Your Name. My name is..., la ritournelle tourne dans la tête de tous les apprentis guides. Sans doute le métier le plus à la portée des jeunes de Khajuraho qui veulent échapper au sort de leur parents. La mère de Rocky, de son vrai prénom Ganesh - les gens de la caste des travailleurs manuels ne portent generalement pas de nom de famille - travaille comme porteuse de gravier, de sable, de brique de béton sur les chantiers routiers. Son père est jardinier quand le travail se présente. Tout juste de quoi nourrir une famille de cinq enfants. Il dit payer son école à Chatachpur en faisant le guide.

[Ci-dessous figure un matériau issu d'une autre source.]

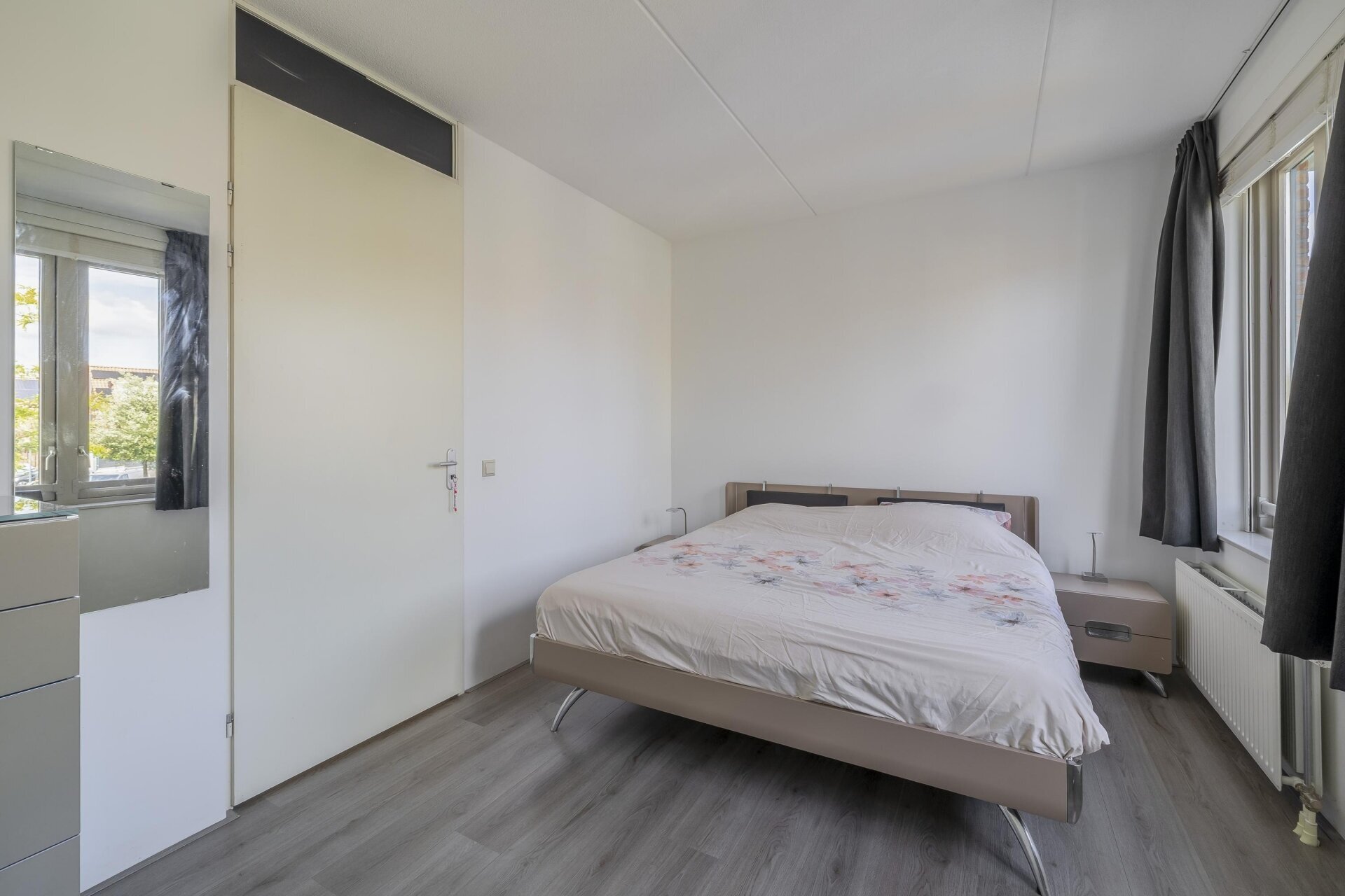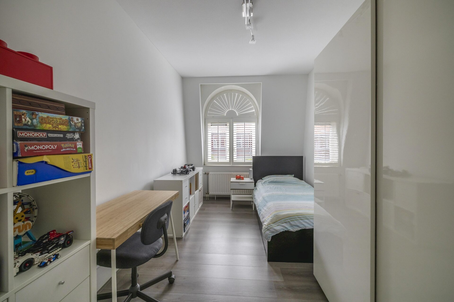 Via de trap in de woonkamer bereikt u de eerste verdieping. Vanaf de overloop zijn alle vertrekken toegankelijk. Aan de voorzijde bevindt zich de royale master bedroom, die zich uitstrekt over de volledige breedte van de woning en daardoor voldoende ruimte biedt voor een grote kledingkast of extra opbergruimte.

À 17 ans, Rocky n'est qu'en septième année. Il a perdu deux ans parce qu'un de ses frères a attrapé la malaria. Mais son grand père lui a ranconté l'histoire de la cité aux 80 temples, connus dans le monde entier pour quelque douze hauts reliefs inspirés du kamasutra (l'américain iPad ignore ce mot et substitue la soutra ou lama ultra...) Pas de quoi battre sa femme! Les déhanchés sensuels des nymphes reproduites par centaines est bien plus gracieux et suggestifs que les acrobaties qui violent les tabous.

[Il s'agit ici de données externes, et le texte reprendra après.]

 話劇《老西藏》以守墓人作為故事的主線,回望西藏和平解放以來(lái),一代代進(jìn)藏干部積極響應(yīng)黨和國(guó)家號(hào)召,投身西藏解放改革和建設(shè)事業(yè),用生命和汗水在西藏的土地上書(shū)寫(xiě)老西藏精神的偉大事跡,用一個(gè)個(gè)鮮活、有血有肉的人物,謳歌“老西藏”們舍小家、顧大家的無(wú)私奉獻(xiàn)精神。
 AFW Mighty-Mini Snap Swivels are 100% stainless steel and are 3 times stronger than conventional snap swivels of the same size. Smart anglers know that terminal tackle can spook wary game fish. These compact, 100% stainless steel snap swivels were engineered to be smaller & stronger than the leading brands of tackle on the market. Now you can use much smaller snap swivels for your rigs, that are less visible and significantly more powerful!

Un commentaire lu dans le Times of India me suggère une troisième piste: les temples de Khajuraho seraient un hymne aux prostituees de luxe, des courtisanes, des geishas indiennes, expertes dans l'art de dynamiser les mecs face au temps qui engloutis leurs énergies... Un autre article signale que des fournisseurs d'accès internet ont saisi un tribunal pour savoir si les photos prises par les touristes et postées sur le net tombaient sous le coup de la pornographie. On sait combien Facebook, soumis au puritanisme américain, est sourcilleux à la vue du moindre sein.
Et qui sont ces hommes à la manœuvre? Des amants, des prêtres, des seigneurs vainqueurs qui exploitent leur droit de cuissage? Les touristes mitraillent les statuettes pétrifiées que les guides designent en faisant jouer le soleil dans des miroirs qu'ils tiennent au creux de leur main.